We may want to see how the expected SFS changes as we vary the degree of dominance. Here, we run a second simulation with the same parameters except that we set h=0.3 so that mutations are partially recessive.

# run simulation with h=0.3
sim2 <- fd$Simulation(
    sfs_neut = fd$Simulation$get_neutral_sfs(n = 20, n_sites = 1e8, theta = 1e-4),
    params = list(S_d = -300, b = 0.3, p_b = 0, S_b = 1, h = 0.3),
    model = fd$GammaExpParametrization()
)

sfs_sel <- sim2$run()

p <- fd$Spectra$from_spectra(list(
    neutral = sim$sfs_neut,
    semidominant = sim$sfs_sel,
    recessive = sim2$sfs_sel
))$plot()

As expected, partially recessive mutations lead to an excess of rare variants because they are masked in heterozygotes and experience weaker purifying selection. At higher frequencies, the difference from the semidominant case diminishes as derived-allele homozygotes become more common.

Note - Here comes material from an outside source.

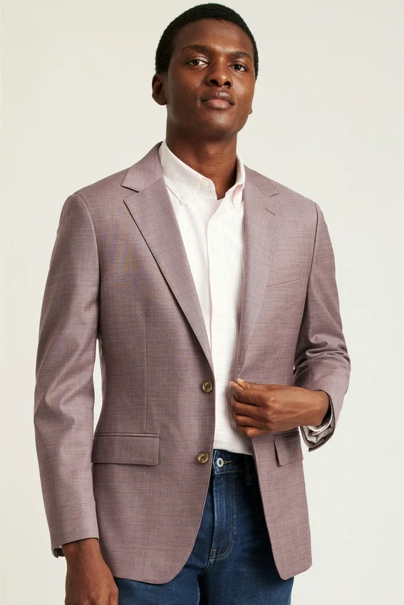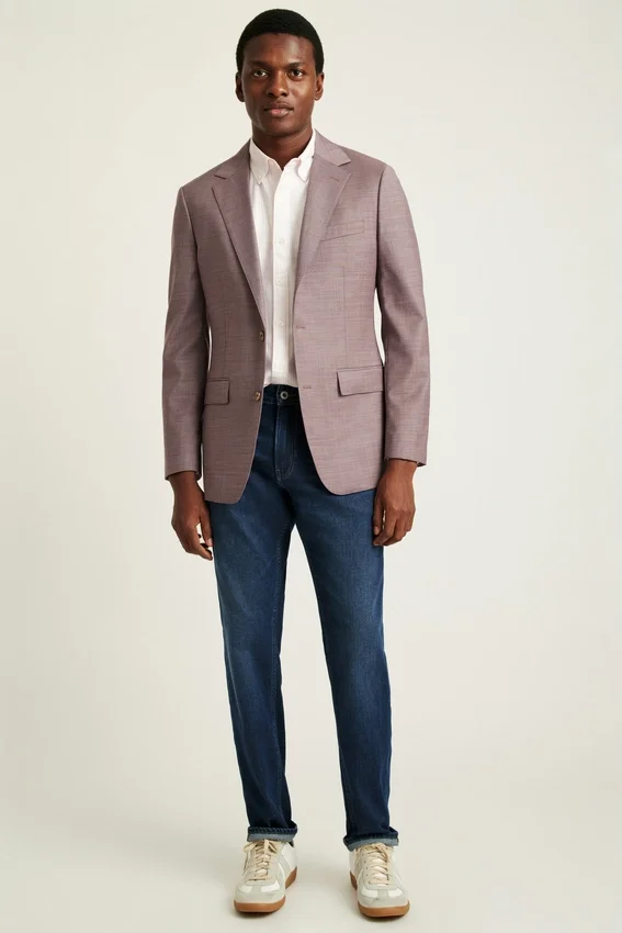 Revers cranté | Poches à rabat | Coupe droite à deux boutons | Intérieur entièrement doublé | Doublure aux manches | Boutons décoratifs aux poignets | Double fente | Poches intérieures et boucle de suspension

We can now infer the DFE under the (incorrect) assumption that mutations are semidominant (h=0.5) and see how this affects the inference result.

inf <- fd$BaseInference(
    sfs_neut = sim2$sfs_neut,
    sfs_sel = sim2$sfs_sel
)

sfs_modelled <- inf$run()

p <- fd$DFE$plot_many(c(sim2$dfe, inf$get_dfe()), labels = c('True DFE (h=0.3)', 'Inferred DFE (h=0.5)'))

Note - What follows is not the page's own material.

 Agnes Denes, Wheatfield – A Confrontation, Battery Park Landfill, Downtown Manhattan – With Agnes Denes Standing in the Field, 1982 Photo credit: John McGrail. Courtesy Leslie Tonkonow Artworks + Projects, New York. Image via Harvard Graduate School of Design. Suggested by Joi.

Assuming semidominance when mutations are actually partially recessive leads to an inferred DFE shifted toward weaker selection coefficients. This happens because rare variants generated by recessive mutations are misattributed to weaker selection when the dominance reduction in purifying selection is not accounted for.

We can also try to infer the DFE while letting the dominance coefficient h vary during the optimization. To optimize h, it needs to be discretized; in this example we use the default grid of 21 points between 0 and 1, with intermediate values obtained by linear interpolation. All required values are precomputed before the optimization, but allowing h to vary increases the computational cost because the expected SFS must be simulated for each h in the grid. To speed up the precomputation step, we instruct BaseInference to use a coarser DFE discretization grid than the default, which should be sufficient for most inference scenarios.

inf <- fd$BaseInference(
    sfs_neut = sim$sfs_neut,
    sfs_sel = sim$sfs_sel,
    intervals_h = c(0, 1, 21),
    intervals_del = c(-1.0e+8, -1.0e-5, 100),
    intervals_ben = c(1.0e-5, 1.0e4, 100),
    fixed_params = list(all = list(eps = 0, p_b = 0, S_b = 1))
)

sfs_modelled <- inf$run()

p <- fd$DFE$plot_many(c(sim2$dfe, inf$get_dfe()), labels = c('True DFE (h=0.3)', 'Inferred DFE'))

We see that allowing h to vary during inference roughly recovers the true DFE used for the simulation, but with substantially greater uncertainty. Finally, we can examine the bootstrap results to assess how well h was estimated.

hist(inf$bootstraps$h)

We see that h was estimated with considerable uncertainty, but the bootstrap distribution still puts substantial mass near the true value h = 0.3. How well dominance can be inferred from SFS data alone remains an open question, especially when the DFE is more complex or additional nuisance parameters such as demography are included.

plot(abs(inf$bootstraps$S_d), inf$bootstraps$h, log="x")

Indeed, we see that h covaries with S_d, with larger h associated with less strongly deleterious mutations.